Wednesday, January 6, 2010

Real Estate and Tax Issues (Part 1)

At some point the economy will pick back up and real estate will again be an attractive investment (if it is not already). There are several different possible tax considerations that you should understand before you jump (back) into the real estate market.

Second Home Only

If you have purchased a second home and do not intend to rent it out, you are entitled to deduct the real estate taxes and mortgage interest you paid on this residence. These deductions are claimed on Schedule A in the same manner that the deductions for your personal residence are claimed. You are not entitled to claim deductions for any repairs or maintenance, or depreciation, although any capital expenditures (such as for repairs or maintenance) can be added to your cost basis and used to reduce the overall gain (or increase the loss) if and when you sell the property.

Property Used As A Rental

In this large category, you will obtain the most favorable tax breaks available to holders of real property. There are a few possibilities and these depend upon the amount of time that you personally use the property for non-rental uses.

No Personal Use Time

If you did not use the property for your own personal use (other than making repairs, painting, etc.), you will find yourself in the most favorable tax situation. All rental income and expenses, including advertising, repairs, interest, taxes, utilities, dues, etc. are deductible. However, the most favorable deduction is depreciation. This will, in many cases, cause the rental property to show a tax loss for the year, as this is not an out-of-pocket expense but rather is a “paper” tax deduction.

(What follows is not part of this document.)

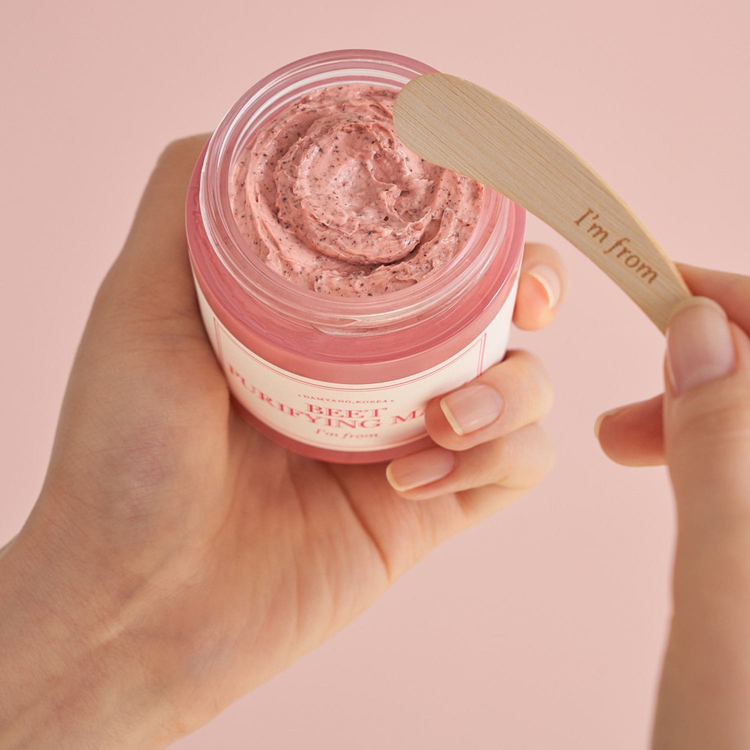 I'm From - Beet Purifying Mask - sejas maska ar attīrošām un nomierinošām īpašībām. Šī produkta sastāvā atradīsiet mālu, kas ir pazīstams ar savu spēju absorbēt sebumu un samazināt poru izskatu. Turklāt tā izlīdzina un matē ādu, vienlaikus nomierinot to un mazinot jebkādus iekaisumus. Biešu ekstrakts darbojas kā intensīvs mitrinātājs, padarot ādu maigu un atjaunojot tās dabisko mirdzumu. Glikoonolaktons darbojas kā antioksidants, neitralizējot kaitīgos brīvos radikāļus un veicinot kolagēna un elastīna veidošanos, kas labvēlīgi ietekmē ādas novecošanās procesu aizkavēšanu un paātrina reģenerācijas un dzīšanas procesu. Savukārt pantenols nomierinoši iedarbojas uz ādu, veicinot tās dziedināšanu, nomierinot kairinājumu un nodrošinot intensīvu mitrināšanu.

There are special rules for rental property losses, as rental properties are considered to be a “passive activity” in most cases and, as such, there are limitations on the amount of the loss that you are entitled to deduct.

In general, the maximum loss permitted in any given year is $25,000, and this loss is permitted only if your total income for 2009 is less than $100,000. If your income is between $100,000 and $150,000, the loss is reduced and for any income above $150,000, there is no loss permitted. However, if you are unable to use a loss due to your income, this loss can be carried forward until your income does permit you to use it. Thus, you do not lose this valuable tax loss but instead must wait for the right time to be able to claim it. This assumes you do NOT qualify as a real estate professional (no limits for a RE pro). If your property is treated as a rental property for tax purposes, all income and expenses are reported on Schedule E of your tax return.